**PROBLEM:** All of the data below should be set down again verbatim, without any images.

**GIVEN DATA:**
· · · · ·
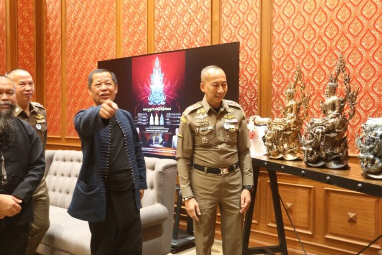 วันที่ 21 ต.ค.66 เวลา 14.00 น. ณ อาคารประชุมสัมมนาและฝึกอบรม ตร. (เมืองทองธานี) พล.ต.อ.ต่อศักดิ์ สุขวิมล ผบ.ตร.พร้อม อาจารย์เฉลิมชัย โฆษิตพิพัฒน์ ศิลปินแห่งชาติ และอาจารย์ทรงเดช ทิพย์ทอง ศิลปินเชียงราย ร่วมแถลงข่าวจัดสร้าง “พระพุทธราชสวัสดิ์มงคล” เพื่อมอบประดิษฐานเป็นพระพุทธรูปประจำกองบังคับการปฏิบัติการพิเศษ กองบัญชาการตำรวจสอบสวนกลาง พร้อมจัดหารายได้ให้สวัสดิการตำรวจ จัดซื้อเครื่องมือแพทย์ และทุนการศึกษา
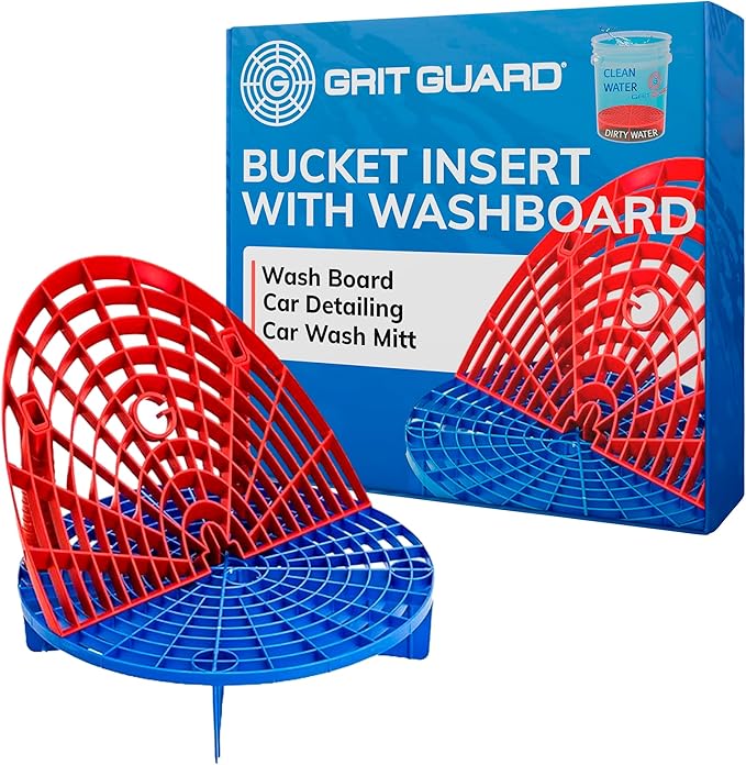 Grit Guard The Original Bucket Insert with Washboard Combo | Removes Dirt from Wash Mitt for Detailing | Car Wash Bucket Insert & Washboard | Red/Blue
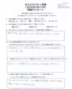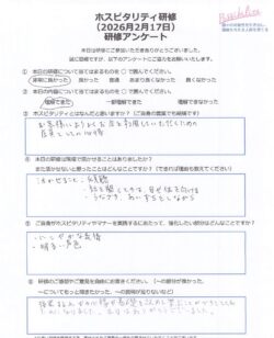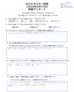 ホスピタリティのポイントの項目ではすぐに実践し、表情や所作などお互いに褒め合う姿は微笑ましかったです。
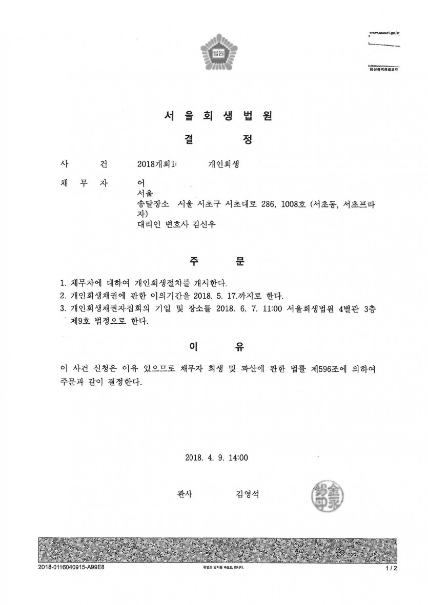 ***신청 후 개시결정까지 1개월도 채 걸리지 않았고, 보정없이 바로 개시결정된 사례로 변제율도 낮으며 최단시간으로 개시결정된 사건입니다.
· · · · ·
**PROBLEM SOLUTION:**
 วันที่ 21 ต.ค.66 เวลา 14.00 น. ณ อาคารประชุมสัมมนาและฝึกอบรม ตร. (เมืองทองธานี) พล.ต.อ.ต่อศักดิ์ สุขวิมล ผบ.ตร.พร้อม อาจารย์เฉลิมชัย โฆษิตพิพัฒน์ ศิลปินแห่งชาติ และอาจารย์ทรงเดช ทิพย์ทอง ศิลปินเชียงราย ร่วมแถลงข่าวจัดสร้าง “พระพุทธราชสวัสดิ์มงคล” เพื่อมอบประดิษฐานเป็นพระพุทธรูปประจำกองบังคับการปฏิบัติการพิเศษ กองบัญชาการตำรวจสอบสวนกลาง พร้อมจัดหารายได้ให้สวัสดิการตำรวจ จัดซื้อเครื่องมือแพทย์ และทุนการศึกษา
 Grit Guard The Original Bucket Insert with Washboard Combo | Removes Dirt from Wash Mitt for Detailing | Car Wash Bucket Insert & Washboard | Red/Blue
 ホスピタリティのポイントの項目ではすぐに実践し、表情や所作などお互いに褒め合う姿は微笑ましかったです。
 ***신청 후 개시결정까지 1개월도 채 걸리지 않았고, 보정없이 바로 개시결정된 사례로 변제율도 낮으며 최단시간으로 개시결정된 사건입니다.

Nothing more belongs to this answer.